我们纳入了来自 19 个国家的 61 项研究,其中 14 项(23%)来自已发表文献(4052 条记录),47 项(77%)来自未发表数据集。大多数研究(51 项,84%)来自高收入国家,9 项(15%)来自中高收入国家,1 项(2%)来自肯尼亚(中低收入国家),没有研究来自低收入国家。15 项研究有助于评估住院率,57 项研究有助于评估严重程度。与 2019 年相比,2020 年高收入国家所有儿童(0-60 月龄)的 RSV 相关 ALRI 住院率下降了 79.7%(325000 例与 66000 例),中高收入国家下降了 13.8%(581000 例与 501000 例),肯尼亚下降了 42.3%(1378000 例与 795000 例)。
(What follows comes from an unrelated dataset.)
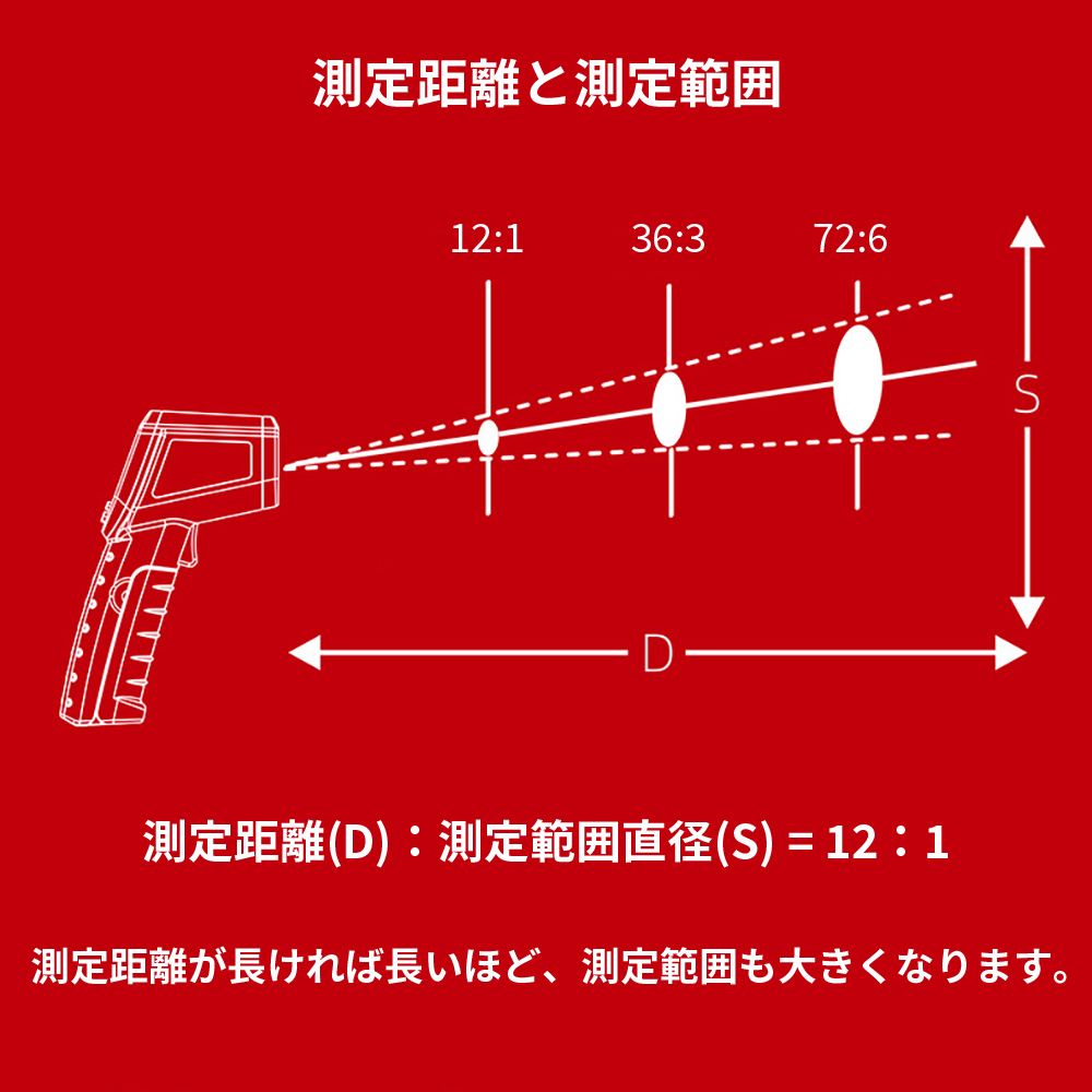 - 測定温度範囲:-50℃〜400℃(華氏-58°F〜752°F)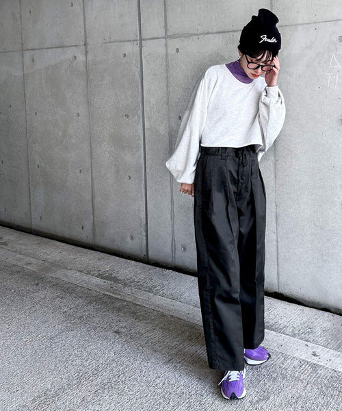 ワイドシルエットで足のラインを拾わず、穿くだけでスタイルアップが叶います。

在高收入国家,2021 年的年度住院率开始上升,到 2022 年 3 月,住院率已恢复到与 2019 年相似的水平(2021 年 4 月至 2022 年 3 月,每月每 1000 名儿童 6.0 例[95%不确定区间 5.4-6.8],而 2019 年为 5.0 例[3.6-6.8])。相比之下,在中收入国家,截至最新有数据的时期,住院率仍低于 2019 年(对于中高收入国家,2021 年 4 月至 2022 年 3 月,每月每 1000 名儿童 2.1 例[0.7-6.1],而 2019 年为 3.4 例[1.2-9.7];对于肯尼亚,2021 年每月每 1000 名儿童 2.2 例[1.8-2.7],而 2019 年为 4.1 例[3.5-4.7])。在所有时期和收入地区,住院率在 0 至<3 月龄的婴儿中最高,并随着年龄的增长而降低。在大流行期间,高收入和中高收入国家 12-24 月龄儿童因 RSV 相关 ALRI 住院的比例高于 2019 年,优势比范围为 1.30(95%不确定区间 1.07-1.59)至 2.05(1.66-2.54)。未观察到疾病严重程度的一致变化。

结论

在 COVID-19 大流行的第一年,5 岁以下儿童因 RSV 相关 ALRI 住院的负担显著减轻。到 2022 年 3 月,高收入地区的住院率已恢复到大流行前的水平,但中收入地区没有恢复,这表明大流行对中收入地区的医疗保健系统和医疗保健服务的获取产生了持续的负面影响。需要建立(或重新建立)RSV 监测系统,以监测 RSV 流行病学的变化,特别是在低收入和中低收入国家。

资助

欧盟创新药物倡议 RSV 免疫接种和监测在欧洲(PROMISE)、比尔及梅琳达·盖茨基金会和世卫组织。